*** AVAILABLE RECORDS Section Begins ***

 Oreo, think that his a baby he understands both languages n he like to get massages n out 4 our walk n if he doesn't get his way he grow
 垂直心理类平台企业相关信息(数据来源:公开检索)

*** AVAILABLE RECORDS Section Ends ***
*** AVAILABLE RECORDS Section Begins ***

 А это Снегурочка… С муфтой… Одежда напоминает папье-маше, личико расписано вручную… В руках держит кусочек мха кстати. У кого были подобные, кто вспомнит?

*** AVAILABLE RECORDS Section Ends ***

ABOUT THIS EXERCISE.
Whatever else the listing above holds, retype exactly only the lines from the one containing "Oreo, think that" to the one containing "垂直心理类平台企业相关信息(数据来源:公开检索)", both ends kept.

ANSWER FOR THIS EXERCISE.
 Oreo, think that his a baby he understands both languages n he like to get massages n out 4 our walk n if he doesn't get his way he grow
 垂直心理类平台企业相关信息(数据来源:公开检索)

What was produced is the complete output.